After two sessions of microneedling, improvement of melasma was perceived in all patients of Group A; in addition, there was a subjective report of overall facial skin smoothness and greater radiance by the participants.


   Discussion Top


Microneedling with dermaroller is a new treatment modality for the treatment of scars, especially acne scars, stretch marks, wrinkles, and for facial rejuvenation. It is a simple and relatively cheap modality that can also be used for transdermal drug delivery.[4]

Microneedle technology offers a minimally invasive and painless route of drug delivery.[5] This technology involves the creation of channels in the skin with micron-sized dimensions, thereby enabling the delivery of a broad range of therapeutic molecules including proteins, which would not otherwise cross the intact skin.

Microneedling stimulates fibroblast proliferation, collagen production and release of growth factors, thereby induce beneficial wound-healing response with fewer side effects compared to conventional resurfacing procedures[3]

As it promotes fibroblast proliferation and upper dermal collagenesis, microneedling can restore upper dermal and basal membrane damage in melasma, disfavoring the contact of melanocytes with dermal-released melanogenic stimuli such as endothelin, stem cell factor, and hepatocyte growth factor.
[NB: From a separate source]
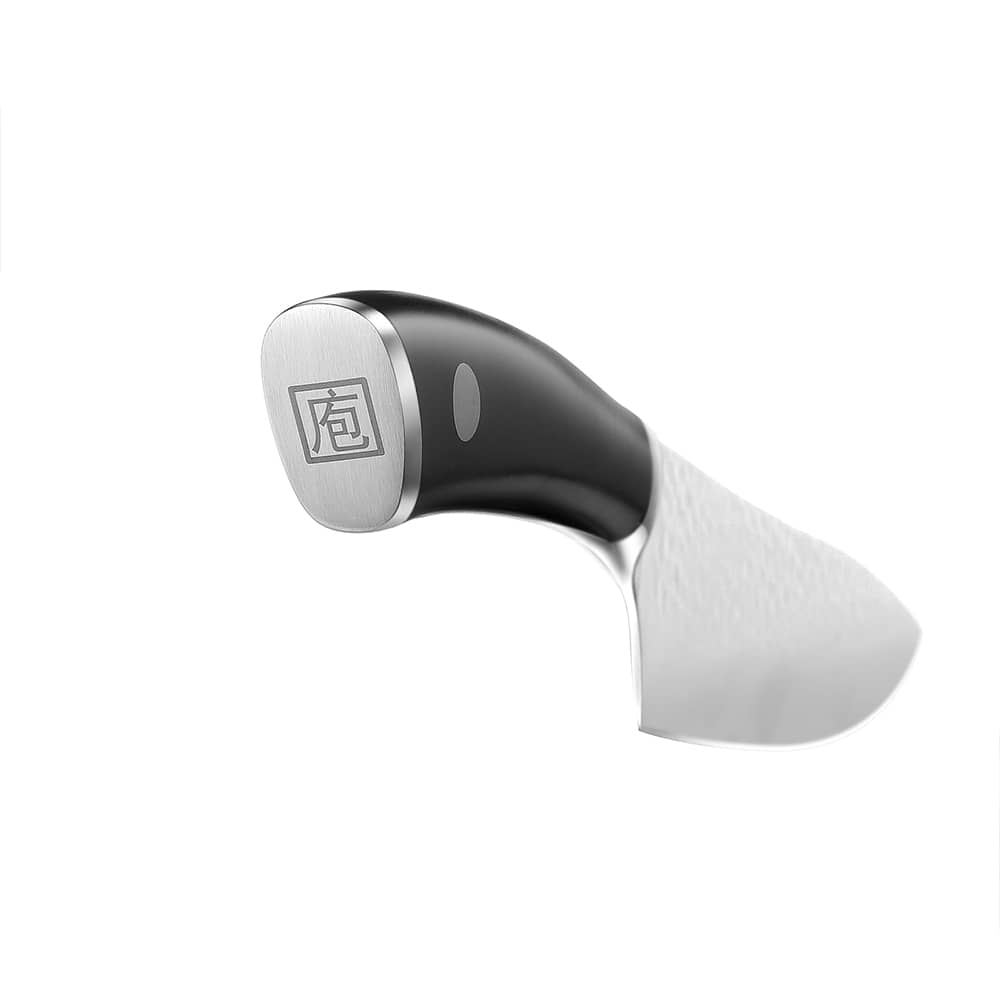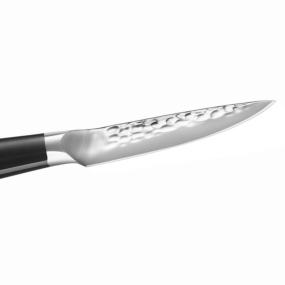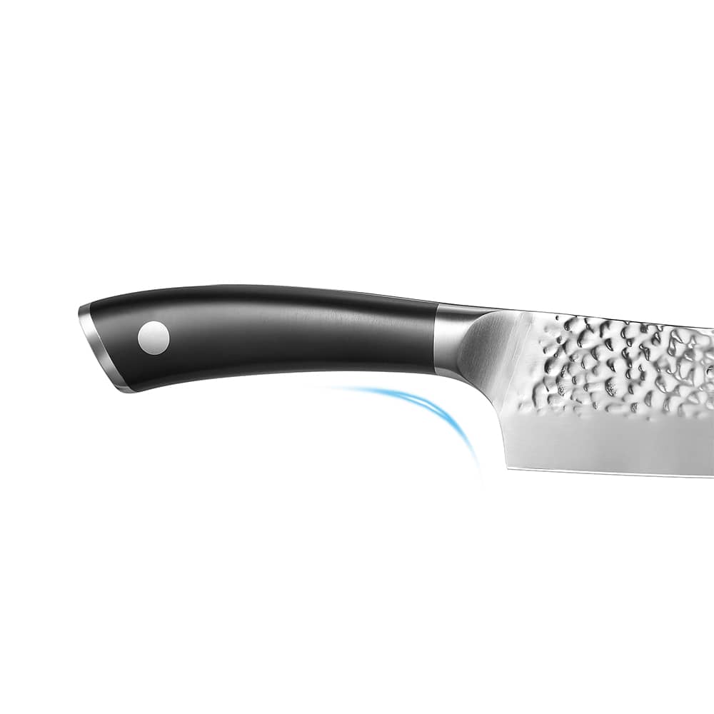 Super Sharp: With ultra sharp edge you can easily handle your daily kitchen work. It effortlessly sliced through tomatoes and cut carrots, you barely had to use any pressure. The hammered blade is a very practical design that reduces resistance and minimizes adhesion on food. With this knife cutting meat, fruit and vegetables like a breeze!
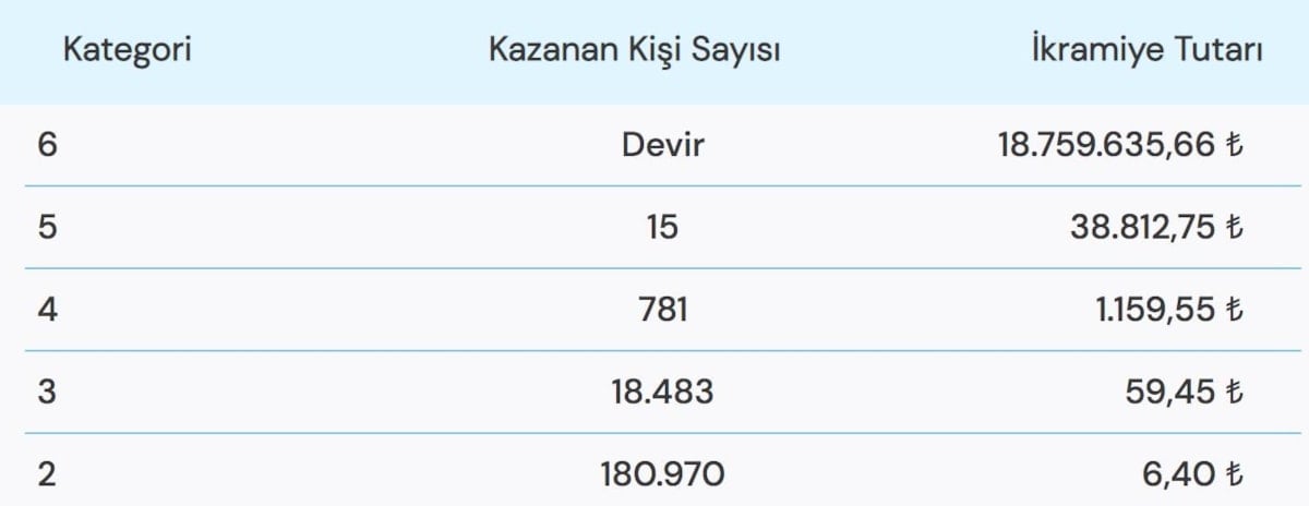 Büyük ikramiyenin 18.759.635,66 TL olduğu çekilişte 6 bilen çıkmadığı için büyük ikramiye devretti.

In addition, a thickened epidermis can promote additional protection against UV damage.

Long-term improvement of recalcitrant melasma after microneedling was reported in one case series, in which they concluded that microneedling alone, with 1.5-mm needle length, without the addition of any active medication, can cause lightening of skin stains in patients with recalcitrant melasma.[6]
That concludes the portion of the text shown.